Hims markets several products under the umbrella of "hair loss treatment," and not all of them are DHT blockers. Here is what the lineup actually contains as of 2025:
| Product | Active ingredient | DHT-blocking mechanism | Rx required? |
|---|---|---|---|
| Finasteride 1 mg tablets | Finasteride | 5-AR type 2 inhibitor | Yes |
| Finasteride + Minoxidil topical spray | Finasteride 0.3% + Minoxidil 6% | 5-AR inhibition + vasodilation | Yes |
| Minoxidil foam/solution | Minoxidil 5% | None (not a DHT blocker) | No |
| "Thickening" shampoos/biotin supplements | Saw palmetto, biotin, keratin | Weak/unproven at scalp | No |
The real DHT blocker in the Hims catalog is finasteride, full stop. Minoxidil works through a completely different mechanism: it prolongs the anagen (growth) phase and widens blood vessels around follicles, but it does not reduce DHT. [3] Bundling minoxidil with finasteride is a legitimate clinical strategy because they address different parts of the hair loss process, but if you are looking specifically for a DHT blocker, oral finasteride 1 mg is the active player.

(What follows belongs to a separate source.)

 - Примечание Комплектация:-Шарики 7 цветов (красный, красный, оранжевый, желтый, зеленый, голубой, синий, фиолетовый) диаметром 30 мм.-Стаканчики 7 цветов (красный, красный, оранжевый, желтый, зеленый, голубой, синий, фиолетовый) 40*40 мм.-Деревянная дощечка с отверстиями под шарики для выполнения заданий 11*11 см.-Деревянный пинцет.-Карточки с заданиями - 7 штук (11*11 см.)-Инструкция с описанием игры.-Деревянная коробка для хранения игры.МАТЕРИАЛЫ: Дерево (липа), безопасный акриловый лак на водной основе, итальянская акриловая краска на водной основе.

The topical finasteride-plus-minoxidil spray is the Hims product marketing pushes hardest. It delivers a lower dose of finasteride through the skin, which may reduce systemic absorption and lower sexual side-effect risk, though the evidence on that is still thinner than the oral finasteride data. [4] More on the combination approach in our finasteride and minoxidil guide.

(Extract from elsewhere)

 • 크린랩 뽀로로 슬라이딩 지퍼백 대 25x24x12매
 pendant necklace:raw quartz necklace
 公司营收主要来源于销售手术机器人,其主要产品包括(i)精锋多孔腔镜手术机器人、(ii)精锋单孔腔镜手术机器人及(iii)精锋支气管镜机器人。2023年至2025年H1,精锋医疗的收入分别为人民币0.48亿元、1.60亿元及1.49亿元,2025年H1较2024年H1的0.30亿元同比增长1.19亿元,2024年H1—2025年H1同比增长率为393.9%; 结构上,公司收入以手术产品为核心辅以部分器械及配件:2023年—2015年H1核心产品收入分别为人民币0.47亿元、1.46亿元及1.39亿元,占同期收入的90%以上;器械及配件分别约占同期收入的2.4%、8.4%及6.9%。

The saw palmetto shampoos and biotin supplements Hims sells are not DHT blockers in any meaningful clinical sense. Saw palmetto has some in-vitro 5-AR inhibition data, but no large randomized controlled trial has shown it produces the kind of DHT reduction that finasteride does. If you are spending money expecting DHT-blocker-level results from a shampoo, you will be disappointed.

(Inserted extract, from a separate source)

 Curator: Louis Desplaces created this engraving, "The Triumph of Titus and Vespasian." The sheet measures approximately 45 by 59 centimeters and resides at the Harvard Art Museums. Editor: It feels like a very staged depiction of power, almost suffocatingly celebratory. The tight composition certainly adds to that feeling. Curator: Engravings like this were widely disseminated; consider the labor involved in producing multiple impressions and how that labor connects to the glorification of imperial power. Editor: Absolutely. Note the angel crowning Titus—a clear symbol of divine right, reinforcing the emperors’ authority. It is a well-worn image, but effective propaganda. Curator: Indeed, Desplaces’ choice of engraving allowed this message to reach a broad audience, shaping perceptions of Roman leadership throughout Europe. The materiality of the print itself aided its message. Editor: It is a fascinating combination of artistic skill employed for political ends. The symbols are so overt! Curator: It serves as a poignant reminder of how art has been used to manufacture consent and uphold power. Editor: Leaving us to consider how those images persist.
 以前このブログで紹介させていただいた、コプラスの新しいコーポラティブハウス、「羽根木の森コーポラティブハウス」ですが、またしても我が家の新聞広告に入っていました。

How well does finasteride (Hims's core DHT blocker) actually work?
Finasteride has more clinical evidence behind it than any other oral hair loss drug. The registration trials submitted to the FDA tested 1 mg finasteride daily in men aged 18 to 41 with mild-to-moderate androgenetic alopecia over two years. These were the studies that won FDA approval.
The results: 83% of men on finasteride maintained or increased their hair count compared to baseline, while 28% of placebo patients continued to lose hair. In a subset evaluated at the vertex scalp (crown), men on finasteride had a mean increase of 107 hairs per square centimeter compared to a mean loss of 75 in the placebo group after 24 months. [5] Regrowth beyond just halting loss happened in about 66% of participants at two years.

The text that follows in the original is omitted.